To really be in a place, the poet suggests, requires opening oneself to it, and then remembering to tell the tale of how one arrived and how one left. A quiet but insistent inquiry of these poems is how to address what is sacred—how to see it, remember it, conjure up a form of worship. In “Broken sonnet,” Sillitoe names herself the “pagan daughter” at the death of her father, and, in “Imposter,” she describes speaking outside a church with an interlocutor:
you say you hate the god
ranting this scripture and that
like the leader of a cult.As you speak, God glitters along the leaves,
hovers by a nest,
and rests in your dark eyes
The disquiet the speaker sees in this person is consuming—in the poem, it gestures at some form of abuse—and yet the person
still harbor[s] that same light
of God silking the leaves
and tending nests,
seeing everything
the faithful will unsee.
This is a powerful kind of gnosis, and the poet summons the numinous again and again. Sometimes, it’s the ghost of a beloved, as in “Encounter,” when she opens the medicine cabinet at her parents’ house and catches the drift of her dead father’s scent: “The room wavered like my knees.” But the poet is unafraid of more explicit forms of prayer. The poem “Lost moons” speaks the names of many different moons, which appeared in all their guises to humankind at various suitable times:
We would wake in the haze of the Plant-in-Secret-Moon,
Anticipate languid lovemaking under the Corn-in-Tassel.
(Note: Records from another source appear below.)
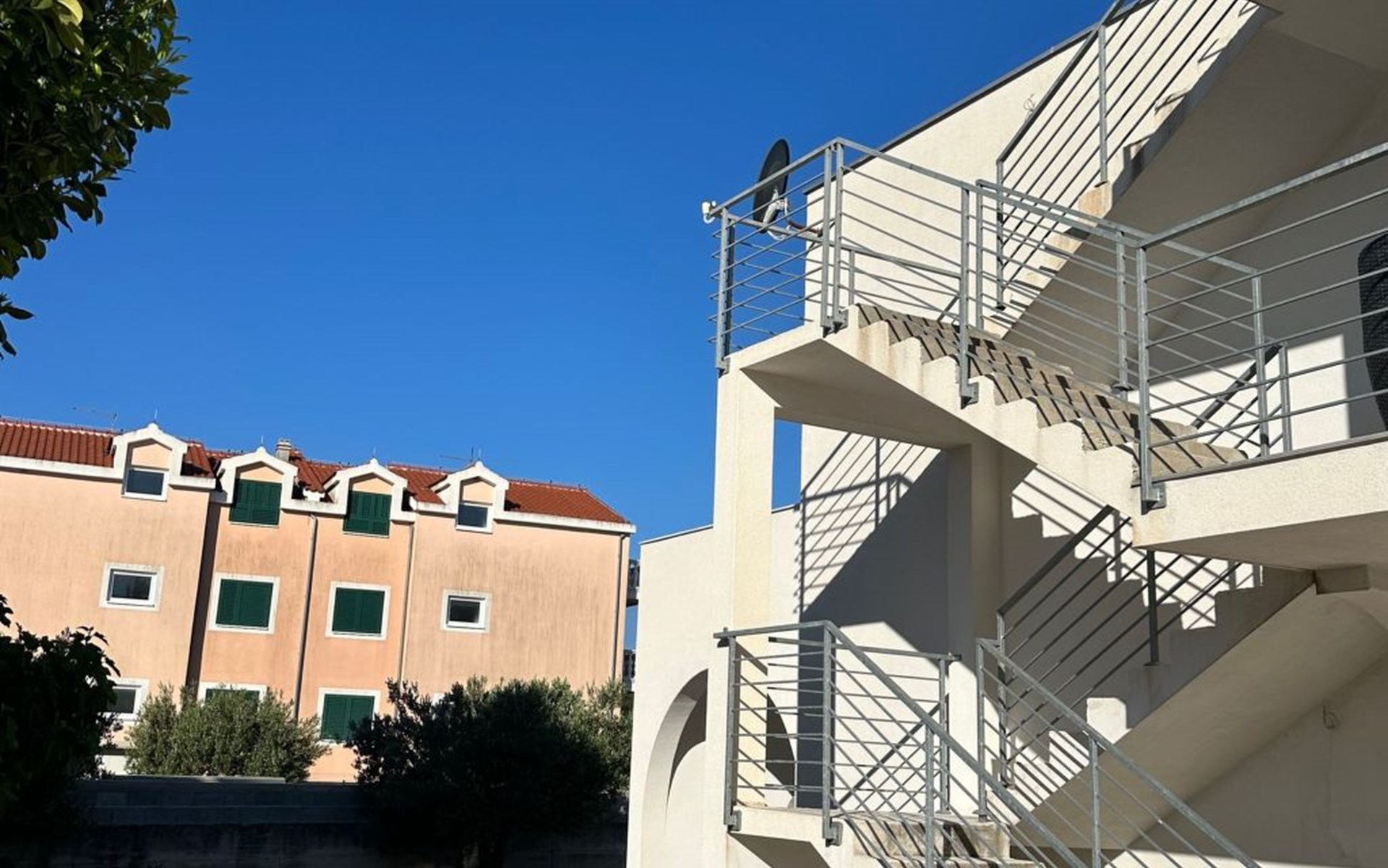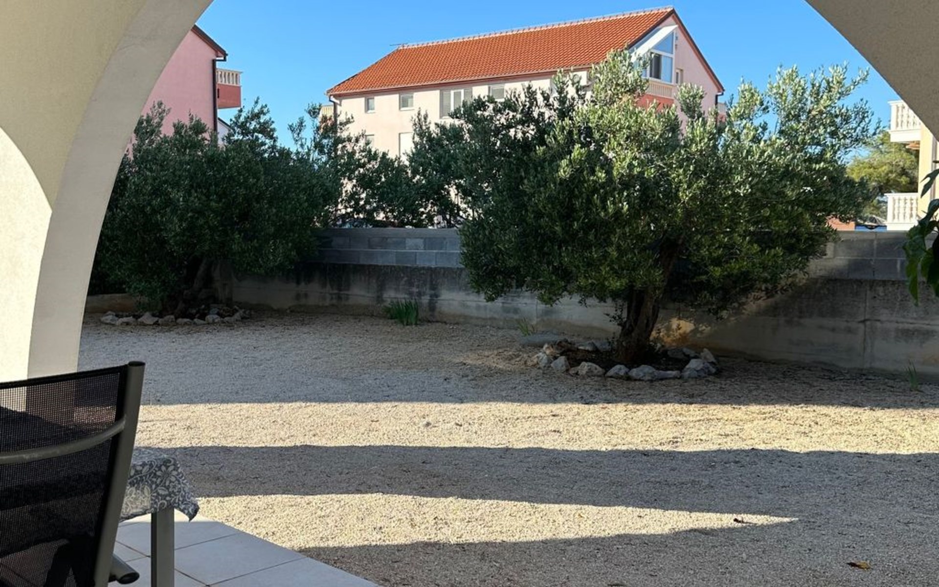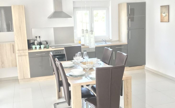 On the beach about 80 metres airline distance and 250 metres by foot away, there are many cafés, restaurants and small fast-food snack bars. The beaches in Srima can also be reached by car. There are shops in the locality and in the area. For larger shopping trips you can find various options (Spar, CA, Drogerie Müller, Kik) in the direction of Sibenik (15km). In the town centre of Sibenik there are a butcher, post office, banks and restaurants. In the direction of Murter there is a Lidl supermarket and in Plodine there is a big supermarket. In the village itself there are four small grocery shops and bakeries, about 100-300 metres from the house. Vodice is about 1.2km away, a leisurely walk along the beach. It also has shops and restaurants. The beach in Srima is not as overcrowded as in Vodice. What is special about the beaches in Srima is that you do not need beach sandals, as the sea bed is mostly just sand and the beach is fine pebble.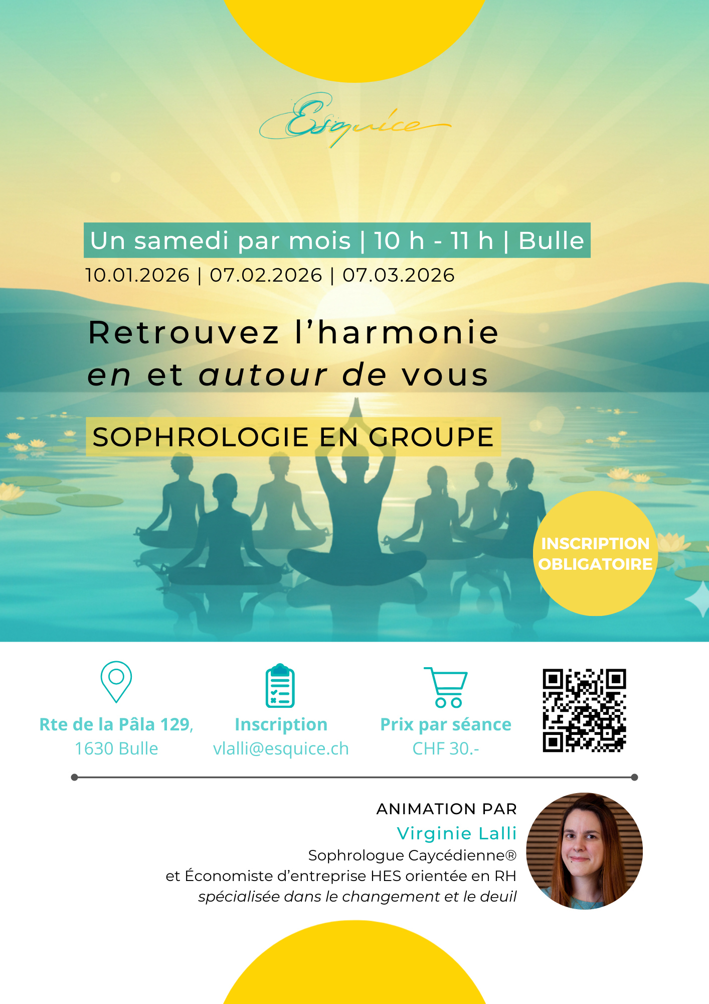 Par virement bancaire ou TWINT avant la séance en groupe ou l’atelier thématique.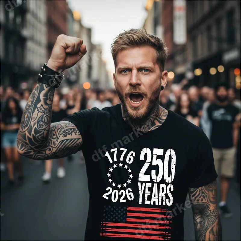 See allThis bold DTF transfer celebrates 250 years of American independence, featuring "1776" and "2026" alongside "250 YEARS" in a rugged, distressed font. It proudly displays the historic Betsy Ross circle of 13 stars and a grunge-style American flag, making it a powerful patriotic statement. This ready to press design instantly transforms any garment. Perfect for patriots, history enthusiasts, and anyone celebrating American heritage. This versatile heat transfer is excellent for Fourth of July, Memorial Day, Veterans Day, or everyday wear. It makes a thoughtful gift for veterans, service members, or anyone cherishing American values as we approach the 250th anniversary. Applying this design is simple and efficient. This iron on transfer works flawlessly on cotton, polyester, and blends. For best results, use a heat press at 300-325°F for 15 seconds with medium pressure, then cool peel. It can also be applied with a household iron. No weeding or layering needed; just press and go! Crafted using professional-grade DTF film and vibrant, long-lasting inks, this t-shirt transfer ensures stunning visual impact. Our heat press ready transfers offer exceptional durability, resisting cracks and fading even after multiple washes. The result is a soft-to-the-touch finish that feels like part of the fabric, ensuring comfort and a professional look.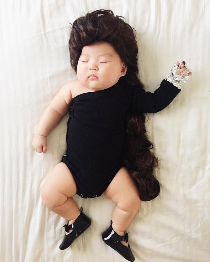 Мама наряжает спящую дочку в забавные костюмы. Фото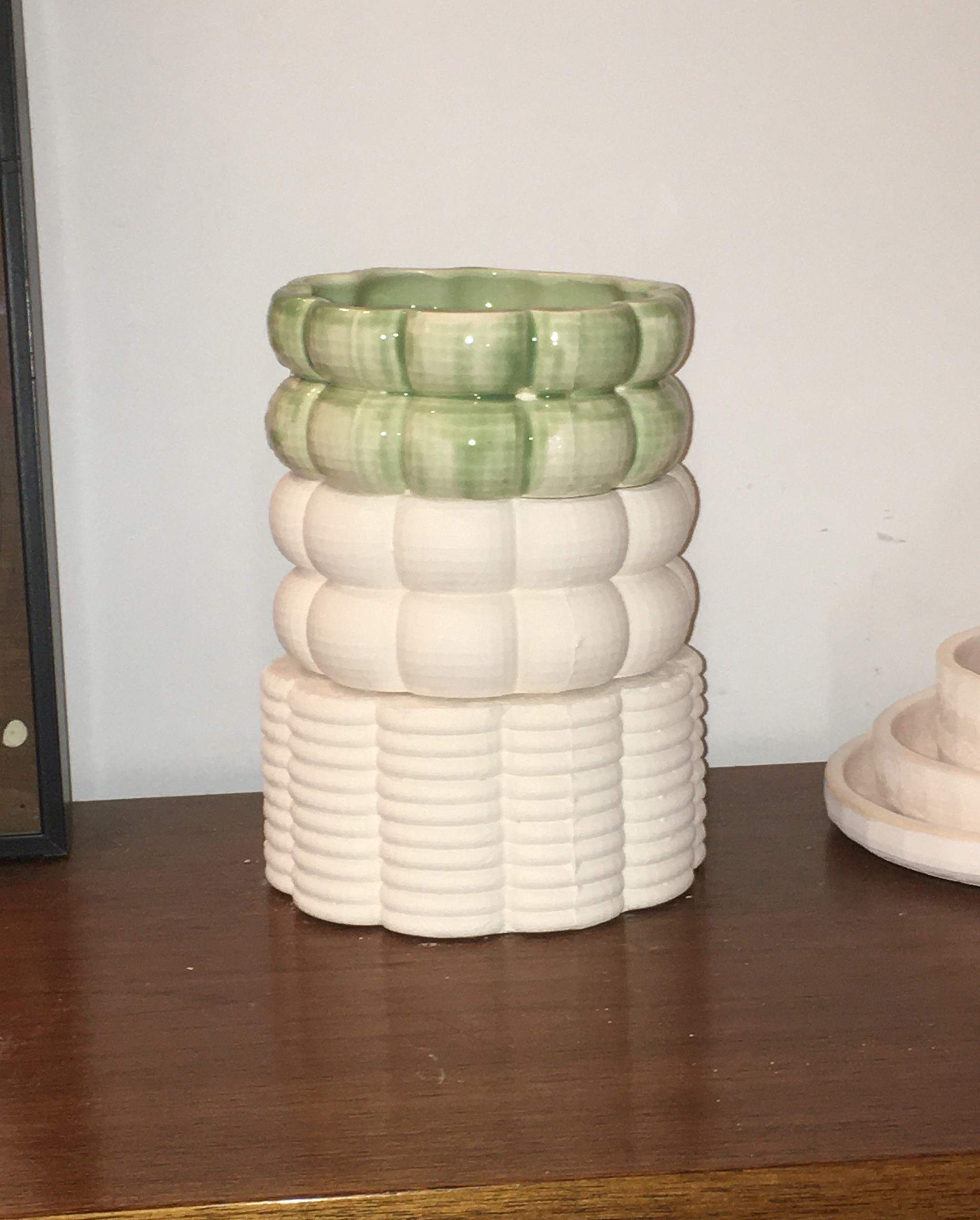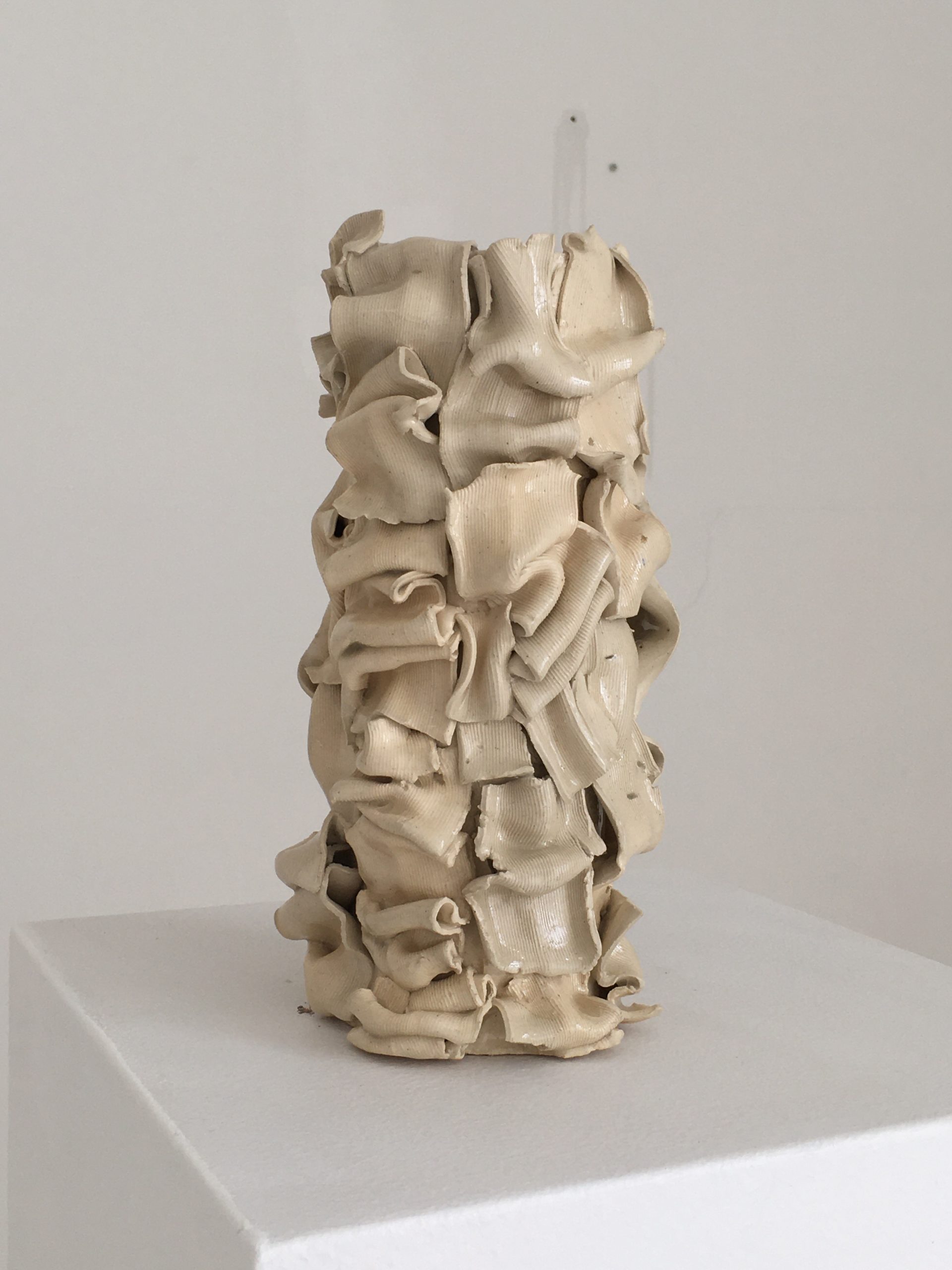 Como parte de mi proceso de investigación y experimentación he realizado residencias en Fab Lab Santiago (“Digital Craft”, 2018) y en Sculpture Space New York en 2020. Uno de mis últimos proyectos es Glitch Series, donde trabajo con cerámica esmaltada, moldes de fabricación digital, telas y extrusores. Surge de la exploración con la técnica de vaciado en cerámica y moldes fabricados digitalmente. En el proceso se descubre el error y su atractivo, para tender intencionadamente hacia él en la creación de las piezas de esta colección.

Sorrow, borne by the Moon-When-Reindeer-Return-from-the-Sea,
Or hunger below the Cold-Meal-Moon, would fit like lost skin
if each year thundered forth the Moon-When-the-Buffalo-Ruts.
That the body of the moon, showing its avatars, might be imagined to somehow clothe a human being in skin that had been lost: surely this is prayer, a plea for what is missing and what might only be possible to find through a celestial apparition, one that could know the weather, connect broken lands, gather people to the dance.
The poems in Owning the Moon do the good work Sharif described, of helping us think and be in the world. The poet Rickey Laurentiis, in talking about the ways poems work for us, notes that “We only have so much time on this planet, really. For some of us, because of political or social or national agendas, even shorter. If I’m reading a poem, I want to be taught how to live, and how we can live better. I want to be reminded how precious life is, really.” Reading Owning the Moon caused me to grieve the loss of Linda Sillitoe, but I am grateful for these parting words, for their irreplaceable reminders.
Linda Sillitoe. Owning the Moon. Salt Lake City: Sig nature Books, 2017. 200 pp. Paper: $22.95. ISBN: 9781560852667.